Thread: T2K Propaganda
View Single Post
  #6  
Old 12-30-2008, 02:01 PM
Webstral's Avatar
Webstral Webstral is offline
Registered User
 
Join Date: Dec 2008
Location: North San Francisco Bay
Posts: 1,688
Default

Quote:
Originally Posted by Mohoender
I don't think you'll have much propaganda left in T2K. The only propaganda I can be thinking of would be positive pro-government one in places where government still exist (HMG, Civgov, Milgov, France, Sweden...). What I think about it is that it will focus on the need for the people to support any reconstruction effort. It might also focus on how much better you might be under governmental protection: basically, "surrender what freedom you still have and trade it for security".

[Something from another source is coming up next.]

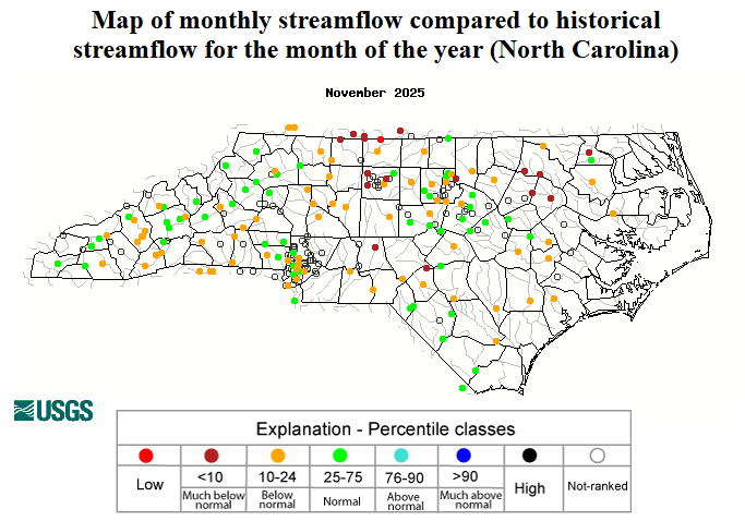 Despite those precipitation events, drought was a major storyline throughout the year, and the source of several other records. In March streamflows on the North Fork Swannanoa River in Buncombe County and Indian Creek in Lincoln County reached new monthly record low levels. And in both November and December, the Smith River at Eden bottomed out at new monthly record low streamflows.

That last bit makes me think of New America--especially in western Florida.

Quote:
Originally Posted by Mohoender
I don't think any anti-ennemy propaganda will be left. No true ennemy will remain after some times and there will be no point of using propaganda against them. Moreover, no structure would be left to conceive and use propaganda.

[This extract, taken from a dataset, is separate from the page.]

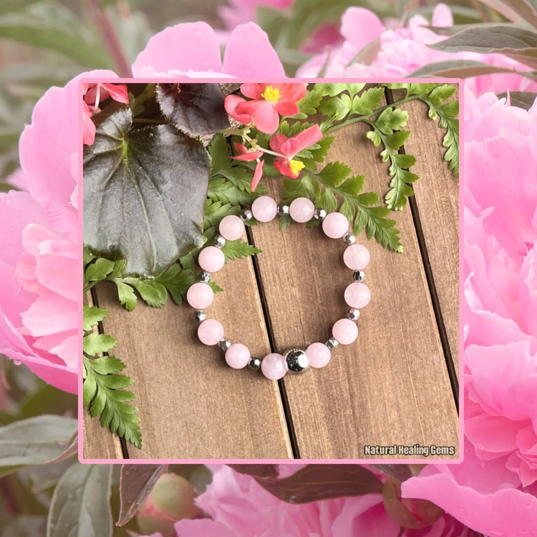 Boost cheerfulness with this pink crystal bracelet. Rose Quartz healing improves matters of the heart, it encourages self-respect and restores trust. This crystal stimulates forgiveness, self-worth, and loving kindness. It heals deep emotional wounds and confirms love that is found from within. Wear this Rose Quartz large bead bracelet to enhance positivity, joy, and love.

I don't agree that there will be no structure left. I do agree that the structures producing propaganda will be dramatically different in scale, scope, focus, resources, and application. Propaganda is useful for any government. The more stress and strain a government is undergoing, the more useful propaganda is likely to seem. Strained governments, including warlords, will want to increase public morale. Propaganda is a useful tool in shifting blame from the government to someone else. Legitimate governments and warlords alike will want to convince their people that things are better today than they were yesterday. By the same token, warlords and legitimate governments alike will want to convince their people that things will be even better tomorrow, so long as the people play ball and so long as the enemy du jour doesn't mess it all up.

Quote:
Originally Posted by Mohoender
Nevertheless, the collapse of government will imply the collapse of organized propaganda or so I think.
I agree with you that national propaganda and televised/radio propaganda will cease, for the most part. Methods and focus will change so much that one might say that pre-war propaganda disappear. The need for a government--any government--to manage the attitudes and thinking of its people won't go away, though.